Googlebot Crawls & Indexes First 15 MB HTML Content
The recent update to Google bots helps document contains confirmation that it will crawl at least the first 15 MB of a web page and that anything after that would be cut off and will not be included while calculating the rankings. Google specifies in the help document that any resources referred to in the HTML, like video images and JavaScript, are fetched separately. After the first 15 MB of the file, Googlebot will stop crawling and consider only the first 15 MB for indexing the file.
For some time, the SEO community was left wondering if this meant Googlebot would completely disregard text that fell below the images. Instead, it is peculiar to the HTML file itself as its return.
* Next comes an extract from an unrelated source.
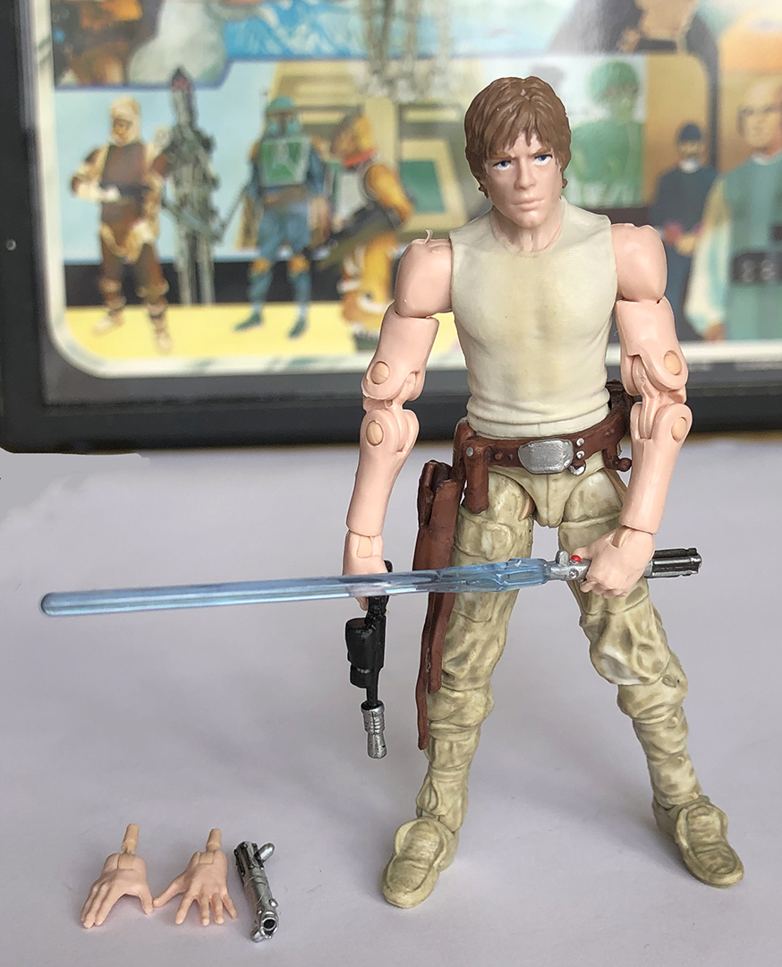 This Star Wars Black series Luke Skywalker in Dagobah fatigues is loose and comes complete with all parts. He is in excellent condition with tight joints and no play wear.
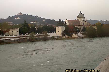 San Giorgio in Braida (the church you can see at the other river side, at your right) was begun in 1447 over the ruins of a church dedicated to Saint George. In the 16th century Sanmicheli added the dome. In the 17th century the current facade was added. Inside this Renaissance Church youll find an interesting work of Veronese --there are also some interesting works by Romanino and Moretto.

What does it mean for SEO?
You need to ensure that critical content is included near the top of the web pages to ensure Googlebot weighs it. It means code must be structured in a way that puts the SEO-relevant information with the first 15 MB in the HTML or supported text file. It also means images and videos must be compressed and should not be encoded directly in the HTML if feasible. Seo best practices recommend keeping HTML pages 200 KB or even less so that several sites will be unaffected by this change.
Page size can be checked with different tools like Google page speed insight. In theory, it might sound stressful that you could potentially have content on a page that does not get used for indexing. But 15 MB is considered a considerable amount of HTML in practice. Google also states that resources like images and videos would be fetched differently. So it sounds like this 15 MB cut-off applies only for HTML as per Google's wordings.
What exactly does the 15 MB restriction mean?
Nothing is likely to happen. There aren't many websites with pages this large. Since the average HTML file is only 30 kilobytes, you, the reader, are unlikely to own one (kB). Even if your HTML page contains more than 15 MB of inline scripts and CSS dust, you may be able to move some of these to other files.
When the content reaches 15 MB, what happens?
Only the first 15 MB of a page's content is sent to indexing after Googlebot removes the rest.
The 15 MB limit applies to what sorts of content?
If you're using Googlebot (GoogleBot Smartphone or GoogleBot Desktop) to download file formats supported by Google Search, you're limited to 15 MB per download.
Does this mean Googlebot won't be able to see my image or video?
This isn't the case. Googlebot gets videos and photos that have a URL in the HTML (for example, < img src="https://example.com/images/puppy.jpg" alt="cute puppy looking very disappointed" /> ) individually and in successive fetches.
Do data URIs make HTML files bigger?
Yes. Data URIs contribute to the HTML file size because they are contained within the HTML page.
How do I find out how big a page is?
The simplest method is generally to use your browser and the Developer Tools built into it. Once you've opened the page in your browser, switch to the Network tab in the Developer Tools. To see all the requests your browser made to render the page, reload this page. You're searching for the top request, which includes the page's byte count in the Size column.
It would be challenging to go over that limit with HTML unless you are publishing books that are worth of text on a single page. If you have a page beyond 15 MB, you will likely have an underlying issue that you have to fix anyway.